• **Requirement**: Set the data down again, exactly as it reads, but without the pictures.

• **Data block**:
-.-.-

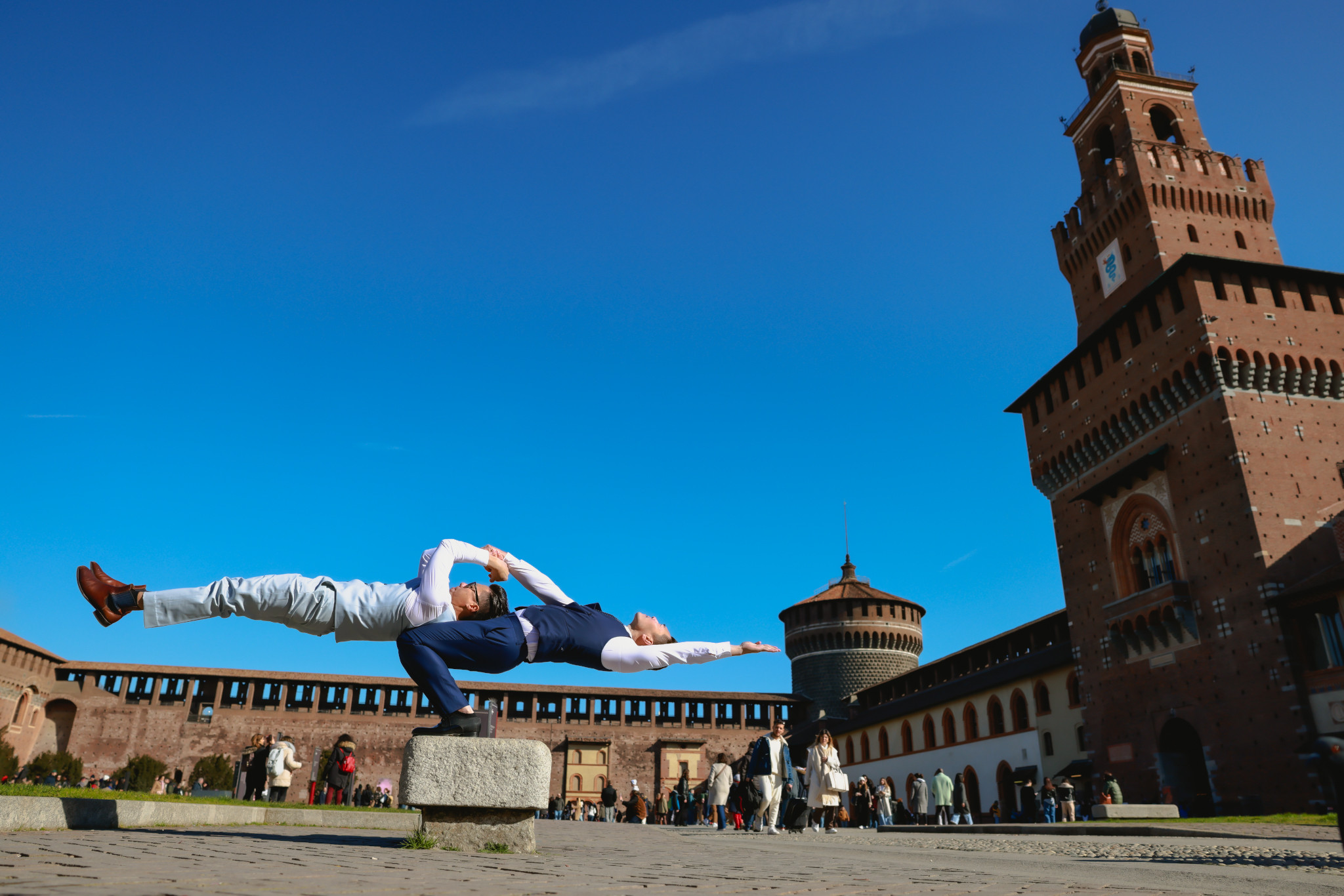 Hai NSƯT tham quan lâu đài Sforzesco 1.500 tuổi đẹp cổ kính, uy nghi. Họ thực hiện các động tác xiếc đã trình diễn suốt 20 năm qua.
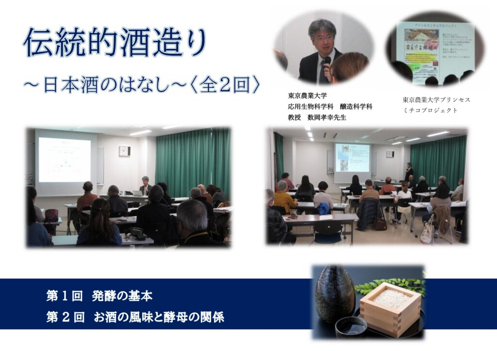 伝統的酒造りの、杜氏、蔵人等がこうじ菌を使い、長年の経験に基づき築き上げてきた酒造りの技術についてを、東京農業大学 応用生物科学部 醸造科学科 数岡孝幸教授にご講義いただきました。
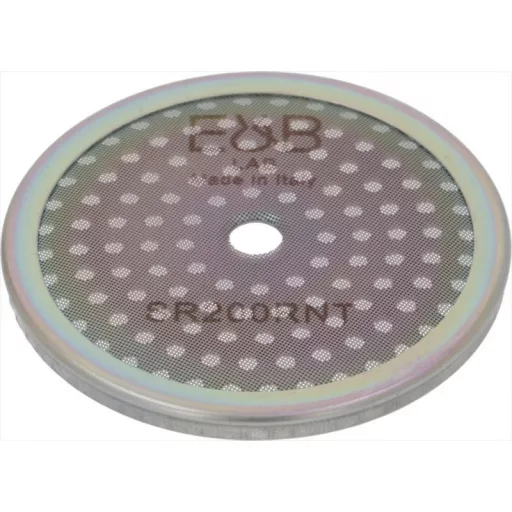 tapadásmentes NANOQUARTZ bevonat | növeli a korrózióval szembeni ellenállást | és a kémiai reakcióval szembeni ellenállást | középső lyuk 6 mm - 121 lyuk ø 2.2 mm | Aisi 304 acél - élelmiszer-biztonsági tanúsítvánnyal | fotógravírozott membrán 200 ļm megerősített modell | alkalmas NUOVA SIMONELLI - RANCILIO gépekhez | EAN kód 0806891050519
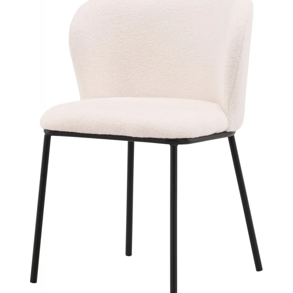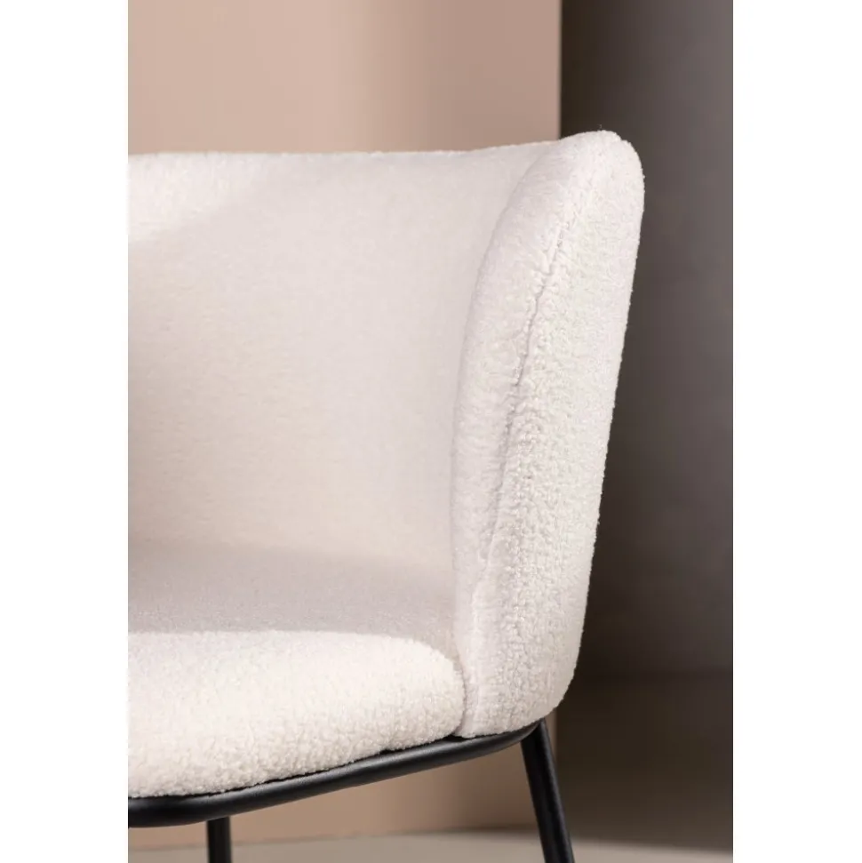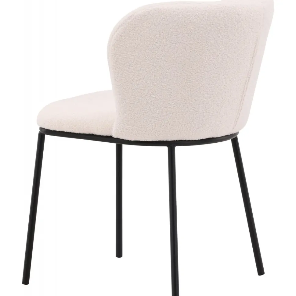 Stolen har en följsam, helklädd sits i vitt boucletyg, som inte bara är bekväm att sitta på, utan även ger en mjuk och inbjudande känsla. De minimalistiska stolsbenen i svart metall ger en elegant kontrast till den vita sitsen och skapar en stilren och modern look. Den stilrena utformningen gör att Edina Matstol står sig över tid. Dess tidlösa design passar perfekt i både klassiska och moderna inredningar. Den bekväma sitsen är utformad för att ge stöd under långvarig sittning, vilket gör den idealisk för både middagssällskap och avkoppling.

-.-.-

• **Result for this task**:
 Hai NSƯT tham quan lâu đài Sforzesco 1.500 tuổi đẹp cổ kính, uy nghi. Họ thực hiện các động tác xiếc đã trình diễn suốt 20 năm qua.
 伝統的酒造りの、杜氏、蔵人等がこうじ菌を使い、長年の経験に基づき築き上げてきた酒造りの技術についてを、東京農業大学 応用生物科学部 醸造科学科 数岡孝幸教授にご講義いただきました。
 tapadásmentes NANOQUARTZ bevonat | növeli a korrózióval szembeni ellenállást | és a kémiai reakcióval szembeni ellenállást | középső lyuk 6 mm - 121 lyuk ø 2.2 mm | Aisi 304 acél - élelmiszer-biztonsági tanúsítvánnyal | fotógravírozott membrán 200 ļm megerősített modell | alkalmas NUOVA SIMONELLI - RANCILIO gépekhez | EAN kód 0806891050519
 Stolen har en följsam, helklädd sits i vitt boucletyg, som inte bara är bekväm att sitta på, utan även ger en mjuk och inbjudande känsla. De minimalistiska stolsbenen i svart metall ger en elegant kontrast till den vita sitsen och skapar en stilren och modern look. Den stilrena utformningen gör att Edina Matstol står sig över tid. Dess tidlösa design passar perfekt i både klassiska och moderna inredningar. Den bekväma sitsen är utformad för att ge stöd under långvarig sittning, vilket gör den idealisk för både middagssällskap och avkoppling.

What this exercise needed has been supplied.